Relationships with women have always been important and delineating. But as
in most things, I am an 'either/or' person. I appreciate appropriateness, believe
in bilateral symmetry, comprehend compromise, even teach it to CEOs of
multinationals, but when it comes down to it, I'm an either/or person. Yes or
no, good or bad, love or... indifference. Intellectually I know that the world is
made up of a variety of greys, but at a gut level I expect things to be black or
white, I'm still the non-group-joiner 'ban-the-bomb'er I used to be (knowing that
out there there is, or will be, someone stupid enough or vindictive enough to
push the button), still the little boy who expects grown-ups to be knights in
shining armour. Knights and damsels.
Either I am absurdly, blindly (and boringly ?) monogamous, or feel free to take
whatever I fancy as fair game and game fare. Either/or. Neither of which is
totally real.
I don't think I was ever taught to trust or respect women. I've spent a long
time trying to learn to, but I think the Jesuits and Eric Berne are right: we learn
our life scripts long before we go to primary school. Snakes can slough off their
skins when they become too tight and restrictive; I think most human beings
find that much more difficult to do.
We 'crossed the line' during dinner, at 17:56, over 500 N miles south of Liberia.

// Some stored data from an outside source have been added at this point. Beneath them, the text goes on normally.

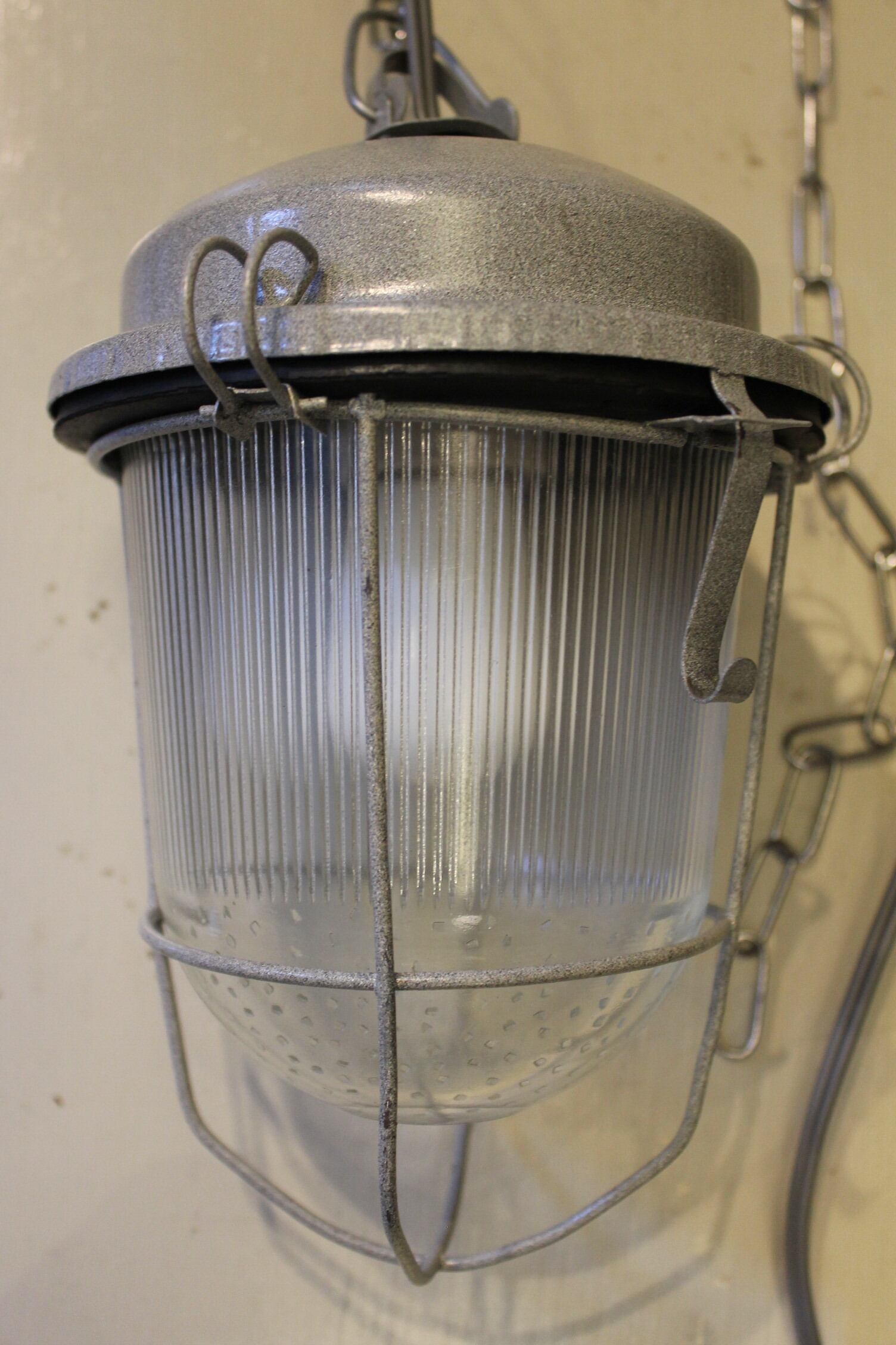 グレーのアイアンヘッドにワイヤーガードが付いた、インダストリアルを代表するデザインのペンダントライトです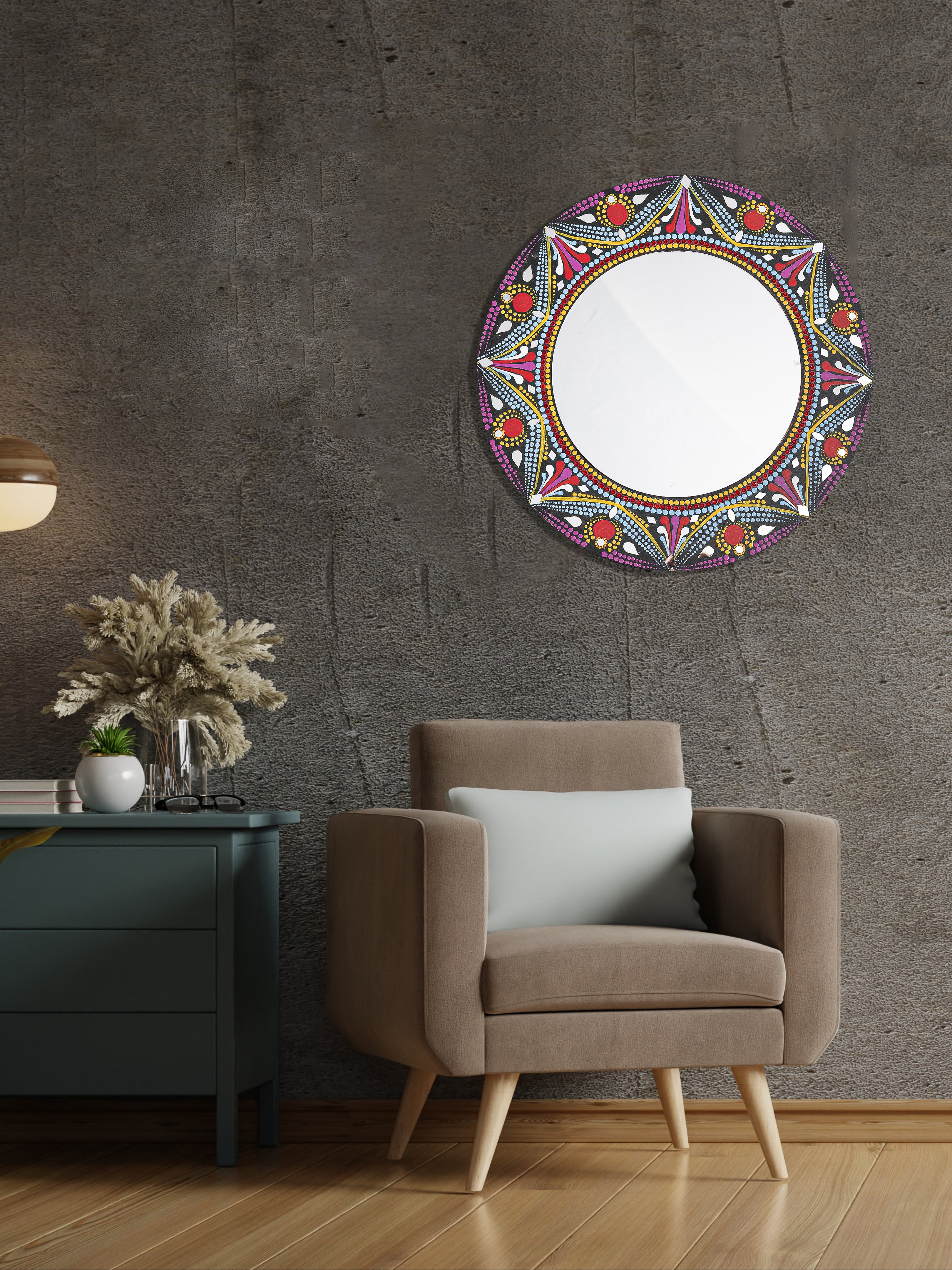 Lend a royal and exquisite touch to your home decor with our Rangoli design Mandala art mirror. It instantly transforms any space while serving its primary purpose - reflecting positivity that your home imbibes.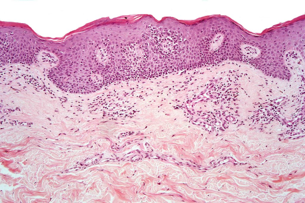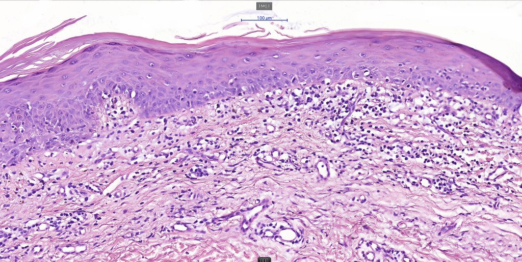 •Coarse collagen bundles in the papillary dermis can be a feature but this is not as marked as seen in plaque disease

Capt. B talked about taxes and how the big boys make an honest living by
committing what would be criminal acts if you or I were to try it. We both seem
to be of the opinion that the individual should be allowed to profit a little more
from his or her labours, but that companies should have all of the loopholes
closed and that government should keep their fingers out of the pie...
It's the Champions' League tonight, but I doubt if the Poles will think to invite
me to watch their satellite TV.
I think I'll go and film the sunset !
Tonight we will put our clocks back another hour. Not because of the equator,
not to conform to any country's official time (Vigo, our next port of call is one
hour behind South Africa, the same as the rest of Europe except for Portugal
and the UK), but simply to ensure that our Ordinary and Able Bodied seamen
have enough hours of daylight to keep up with maintenance and repair. It's a
temporary arrangement and we'll lose an hour sometime after Friday's
barbecue to get back onto Vigo time.